Who exactly are we punishing in denying relief to industry? They have made sufficient contrition for a slew of inadequate vehicles such as the Pacer, the Gremlin, the Pinto, the Chevette, the K-Kar, and the Aztec. They have shuttered factories, eliminated models and divisions, and played hardball with labor and suppliers. They’ve slaughtered trucks and cash cows alike. They are aware of what the future will require, and will make the changes they know will have to be made. GM has entertained purchasing Chrysler, and euthanizing their entire lineup with exception of the minivans and pickup trucks. The entirety of the industry has divested non-core business these past few years. They know the future may not include Lincoln, Mercury, Hummer, Buick, Pontiac, Saturn, or Saab. Ford has sold off Volvo and Jaguar – this map is already inadequate, and will be more so in the future. Dealer networks are expected to shrink, mostly through attrition.
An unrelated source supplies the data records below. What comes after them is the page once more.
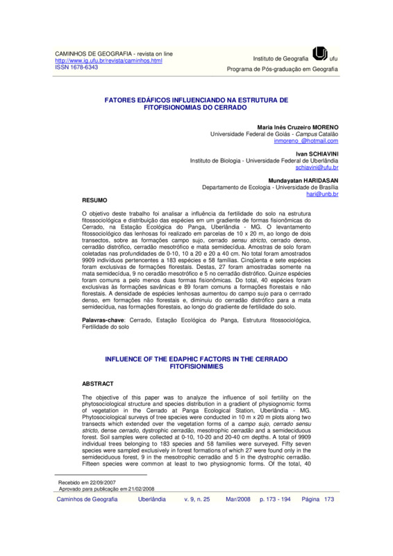 O objetivo deste trabalho foi analisar a influência da fertilidade do solo na estrutura fitossociológica e distribuição das espécies em um gradiente de formas fisionômicas do Cerrado, na Estação Ecológica do Panga, Uberlândia - MG. O levantamento fitossociológico das lenhosas foi realizado em parcelas de 10 x 20 m, ao longo de dois transectos, sobre as formações campo sujo, cerrado sensu stricto, cerrado denso, cerradão distrófico, cerradão mesotrófico e mata semidecídua. Amostras de solo foram coletadas nas profundodades de 0-10, 10 a 20 e 20 a 40 cm. No total foram amostrados 9909 indivíduos pertencentes a 183 espécies e 58 famílias. Cinqüenta e sete espécies foram exclusivas de formações florestais. Destas, 27 foram amostradas somente na mata semidecídua, 9 no ceradão mesotrófico e 5 no cerradão distrófico. Quinze espécies foram comuns a pelo menos duas formas fisionômicas. Do total, 40 espécies foram exclusicas às formações savânicas e 89 foram comuns a formações florestais e não florestais. A densidade de espécies lenhosas aumentou do campo sujo para o cerrrado denso, em formações não floestais e, diminuiu do cerradão distrófico para a mata semidecídua, nas formações florestais, ao longo do gradiente de fertilidade do solo.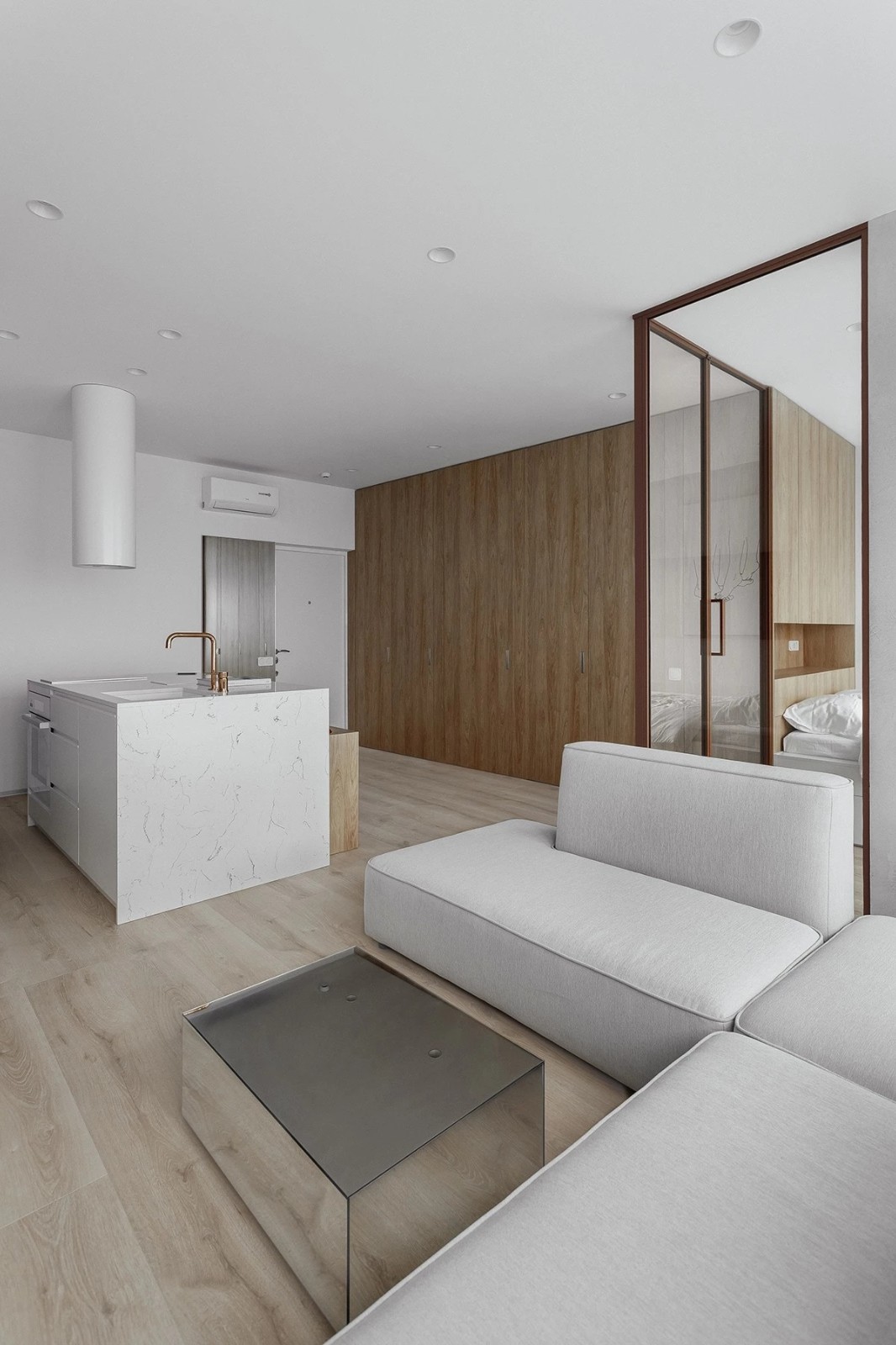 卧室通过透明隔断与生活空间分隔开来 木质的床头背景墙 和床底区域都可用做收纳 墙上的挂画增加了室内的艺术气息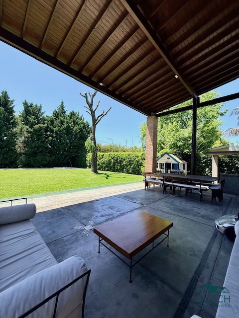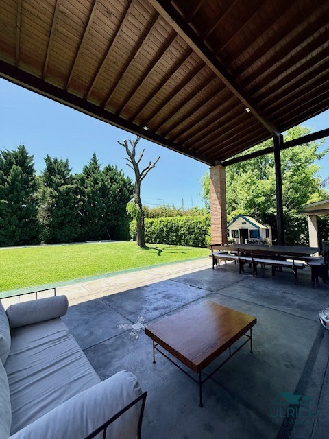 EXTERIOR: AMPLIA GALERIA CON EL MISMO PARRILLA -JARDIN PARQUIZADO .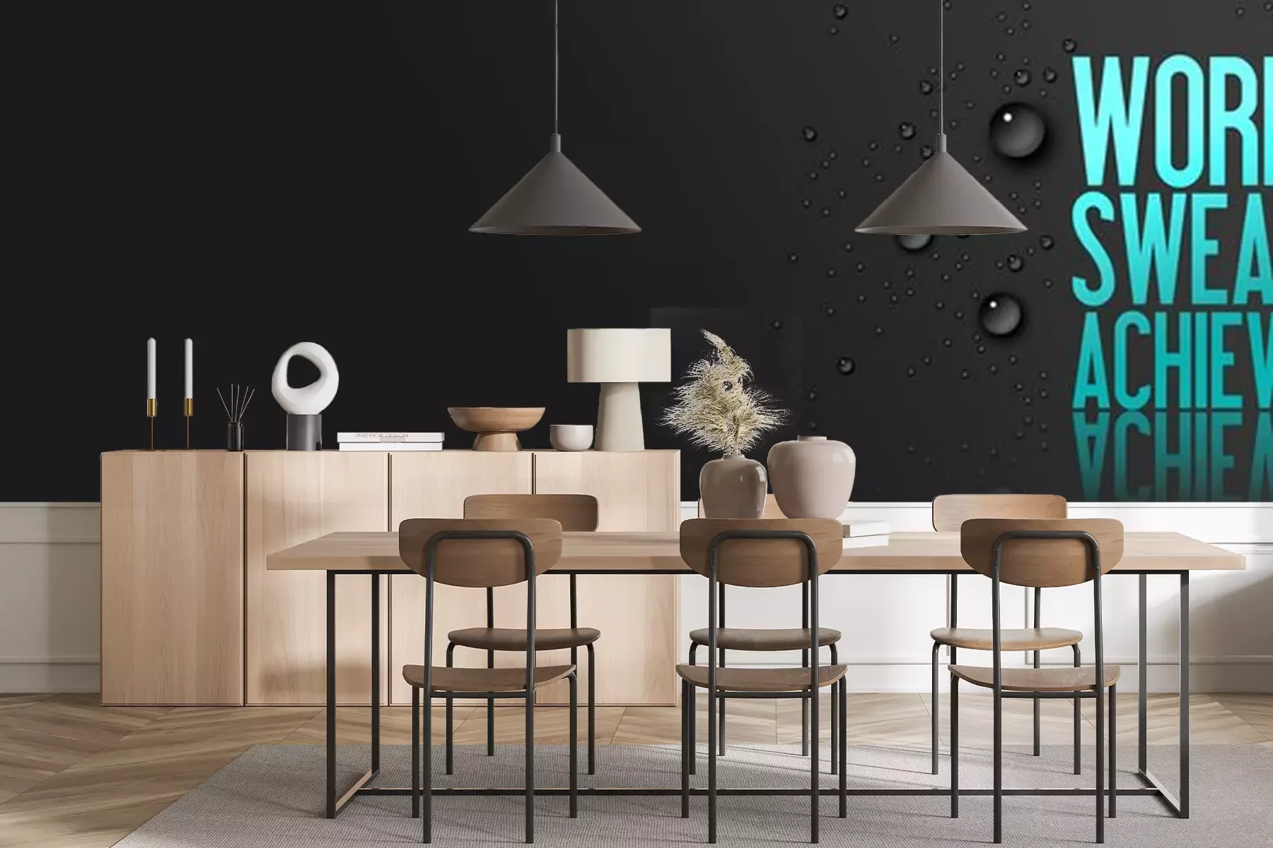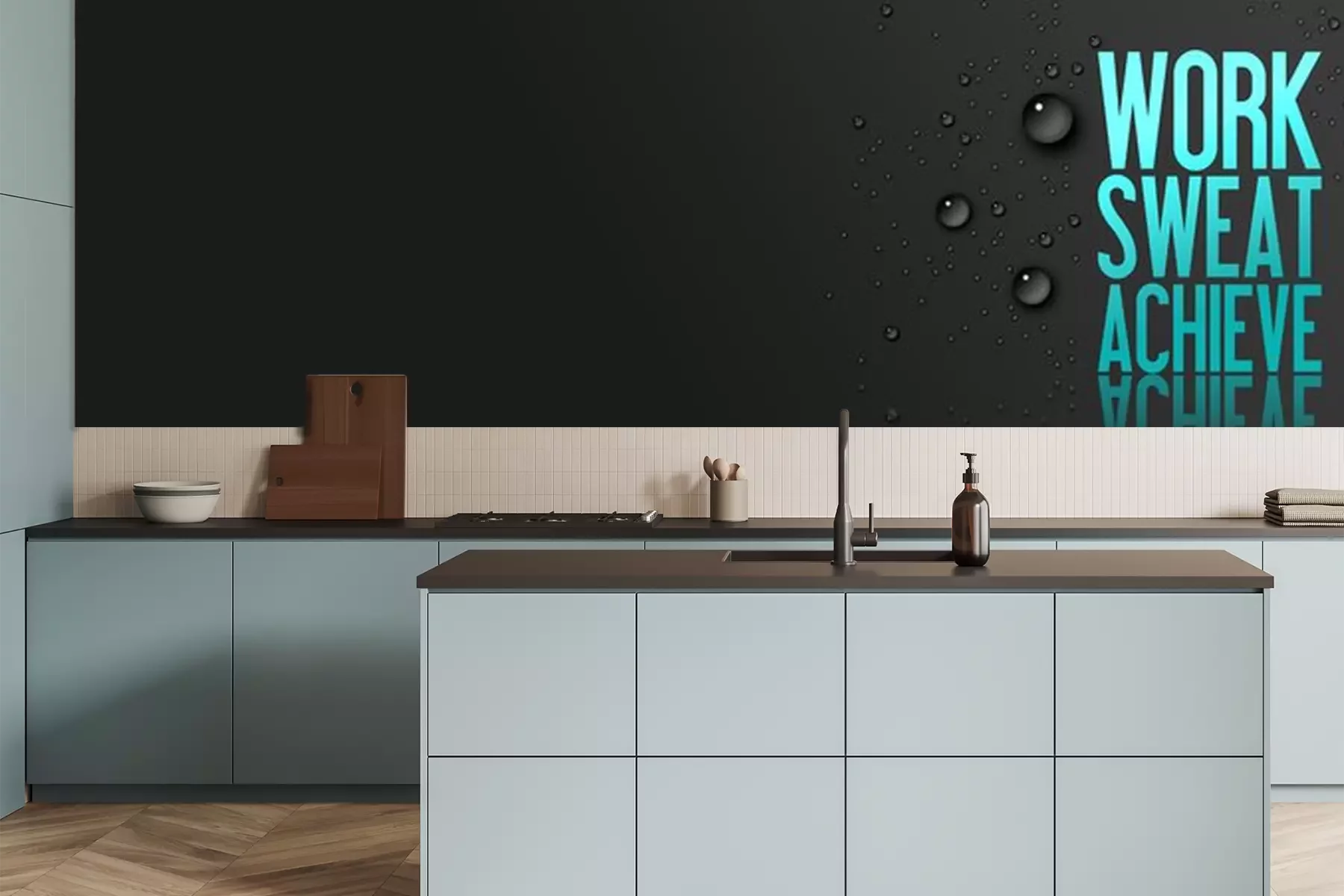 Sticker Arbeit - Sweat - Erreichen - Workout und Fitness Motivation Zitat - Kreativ Typografie Modern Banner Konzept - Tropfen - blau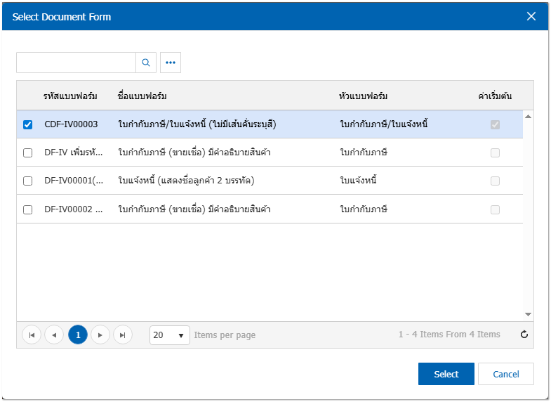 กรณีที่ต้องการปิดแบบฟอร์มที่ไม่ได้ใช้งาน เพื่อไม่ให้แสดงตอน Preview หรือปริ๊นเอกสาร โดยเป็นการ Inactive แบบฟอร์มไว้ สามารถทำได้ตามขั้นตอนดังต่อไปนี้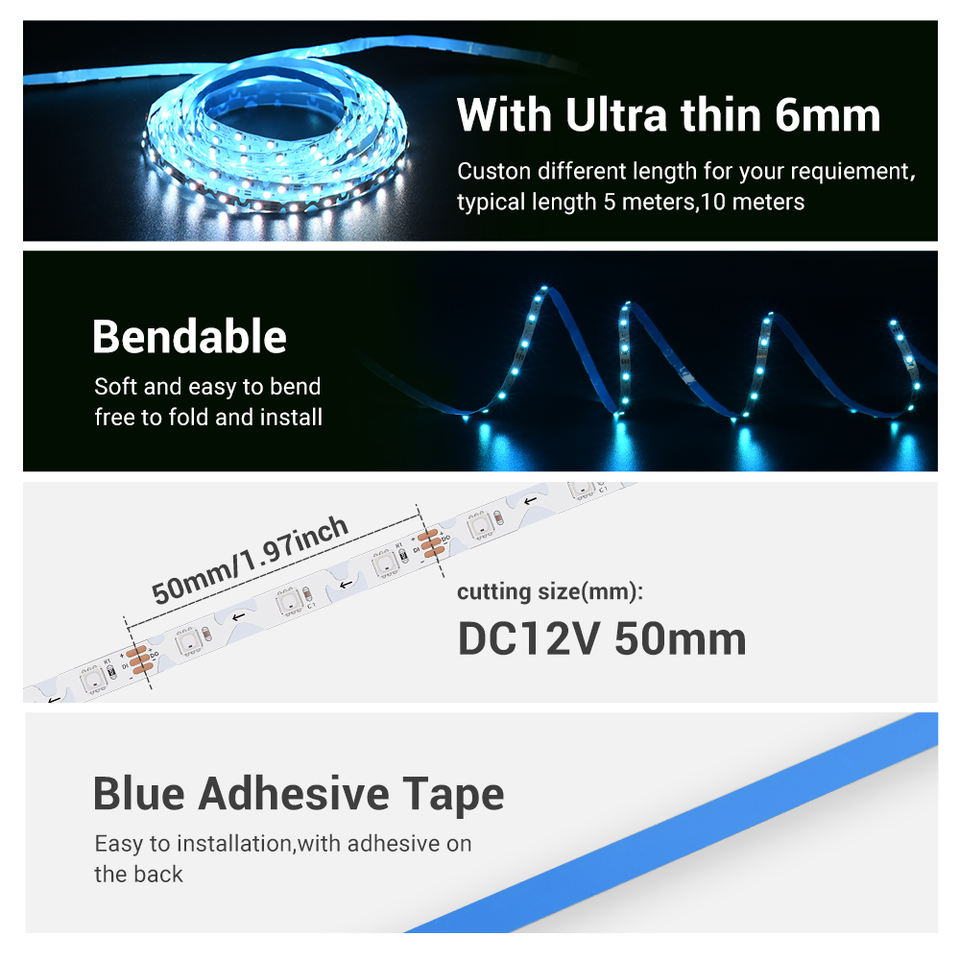 ความยาว:5เมตร/ม้วน (แถบ LED เท่านั้นไม่รวมอุปกรณ์เสริมใดๆ)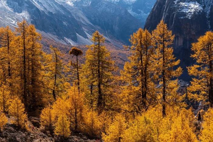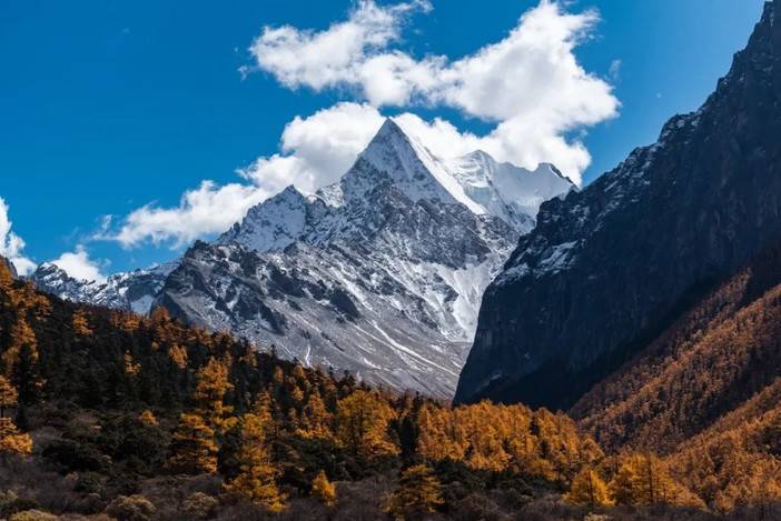 (十月底的彩林与三神山,从左到右分别为夏诺多吉、央迈勇、仙乃日)

Tough decisions have an will continue to be made, with pain being felt across the board.
If we bail out the airlines because travel is essential for commerce, and the finance industry because credit is essential for commerce, should we not bailout the automobile industry simply becuase one of the constituencies are unionized labor, which in turn benefits the Democrats? Are we willing to torpedo the economy as well as an American institution, simply for ideological and partisan purposes? Surely we’ve all seen Roger & Me. Do we all want to be Flint, MI, when GM files for bankruptcy, and GM’s domestic production is outsourced to China?